= Buxton University =

Defunct diploma mill

Buxton University is an unaccredited vendor of distance education that operates as a business in the United Kingdom.

==Charter and accreditation status==
The institution does not hold a royal charter, which is required for an institution in the United Kingdom to call itself a "university", per the Further and Higher Education Act 1992. However, the institution does not advertise itself as a university in the UK.

It has previously claimed accreditation by the World Online Education Accrediting Commission, as well as the Board of Online Universities Accreditation (BOUA), but neither agency was recognized as a higher education accreditor by the United States Department of Education or the Council on Higher Education Accreditation.

Buxton University is on the Texas Higher Education Coordinating Board list of "Institutions Whose Degrees are Illegal to Use in Texas."

==History==
On its website, Buxton University states that it was established in 1978 and that "in 2010 the reliance on a single national jurisdiction for legal existence was changed in favour of a consortium arrangement of international Trusts and Agreements to accentuate the international nature of Buxton University."

In August 2004, a San Antonio, Texas, television station investigating bogus academic credentials had an employee order a degree from the InstantDegrees.com website. The station reported that the employee received a Buxton University master's degree, summa cum laude, by mail within a few days after submitting an order. In November of that year, a Knoxville, Tennessee, television station reported a similar experience in which an employee ordered a Ph.D. from InstantDegrees.com and received a back-dated Buxton University diploma by mail just five days after paying $160. Both stations reported that the university was identified as being in London, but the mail had come from Portugal.

Also in 2004, The Washington Post reported that a hypnotist, William R. Runnells Jr., had called himself "Doctor" and that his degree was from the American Institute of Hypnotherapy and Buxton University. In that article, the Post wrote, "...repeated Web searches and several calls to overseas operators did not turn up a listing for a Buxton University."

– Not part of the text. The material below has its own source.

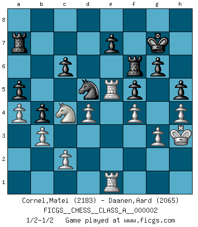 Last move : 1/2-1/2 2006 November 30 17:45:24 [Event "FICGS__CHESS__CLASS_A__000002"] [Site "FICGS"] [Date "2006.04.10"] [Round "1"] [White "Cornel,Matei"] [Black "Daanen,Aard"] [Result "1/2-1/2"] [WhiteElo "2183"] [BlackElo "2065"] 1.e4 d5 2.exd5 Qxd5 3.Nc3 Qd6 4.Nf3 Nf6 5.d4 a6 6.Be3 b5 7.Bd3 Bb7 8.O-O Nbd7 9.Ng5 g6 10.Nce4 Nxe4 11.Bxe4 Bxe4 12.Nxe4 Qd5 13.Qf3 Nb6 14.Rfe1 f5 15.Ng5 Qxf3 16.Nxf3 Bg7 17.Bf4 Nd5 18.Be5 O-O 19.Bxg7 Kxg7 20.Ng5 Rfb8 21.Re5 c6 22.Ne6+ Kf6 23.Rae1 Ra7 24.g3 a5 25.a3 Rd7 26.b3 Ra7 27.Nc5 Kf7 28.Kg2 b4 29.Ra1 R7a8 30.h4 Rd8 31.Ne6 Rdb8 32.a4 h5 33.Ng5+ Kg7 34.Rae1 Ra7 35.Kh3 Rd7 36.Ne6+ Kf7 37.Nc5 Rd6 38.Nd3 Ra8 39.Nb2 Rf6 40.Nc4 Ra7 41.f3 Kg7 42.f4 1/2-1/2 Scandinavian : Pytel-Wade variation Kingside Castling by player White (move 8) Kingside Castling by player Black (move 18) This chess game ended in a draw. Follow this game move after move (download)Examine moves that smite! A good eye for smites is far more important than a knowledge of strategical principles. (Purdy) Ja, ich habe einmal eine Blitzpartie gespielt, es war in einem Zug, 1929. --im Interview 1989 (Mikhail Moiseyevich Botvinik) Si tu oponente te ofrece un empate, trata de averiguar porque piensa él que esta en una posición peor. (Nigel Short) J'ai toujours senti une vague pitié pour l'homme qui ne connaît rien aux échecs, tout comme j'en aurais pour un homme ignorant de l'amour. Les Echecs, comme la musique ou comme l'amour, ont le pouvoir de rendre heureux. (Siegbert Tarrasch) The existence of forgetting has never been proved: We only know that some things don't come to mind when we want them. (Friedrich Nietzsche)

On November 29, 2006, the web version of NBC 4 in Columbus, Ohio, posted a transcript of a Target 4 Investigates program in which Kyle Anderson stated that "Five days after placing that order, I received this in the mail - global priority mail from Portugal. Inside, two signed and sealed diplomas from Buxton University in London, England. So for a few hundred bucks, I've got a Ph.D. in counseling, a master's of divinity in religion, some pretty official-looking letters from Buxton University, and their prospectus, which looks like it's printed on an ink-jet printer."

In 2013, a Tasmanian court discover that a woman who claimed she had several degrees, including a PhD, has obtained all of them "by mail order from the defunct "Buxton University", which issued fake degrees to anyone applying over the internet"

Although there were reports that Buxton University has ceased trading it has, as of 2025, a website and appears to be still offering a range of 'qualifications'. On its website it states "Buxton University is not and has no intention to be accredited by any higher education accreditation organization recognized by the United States Department of Education or the Council for Higher Education in the United States" and "Buxton University is not a British degree granting institution"

According to the Higher Education Degree Datacheck website, Buxton University is not a valid UK degree awarding body.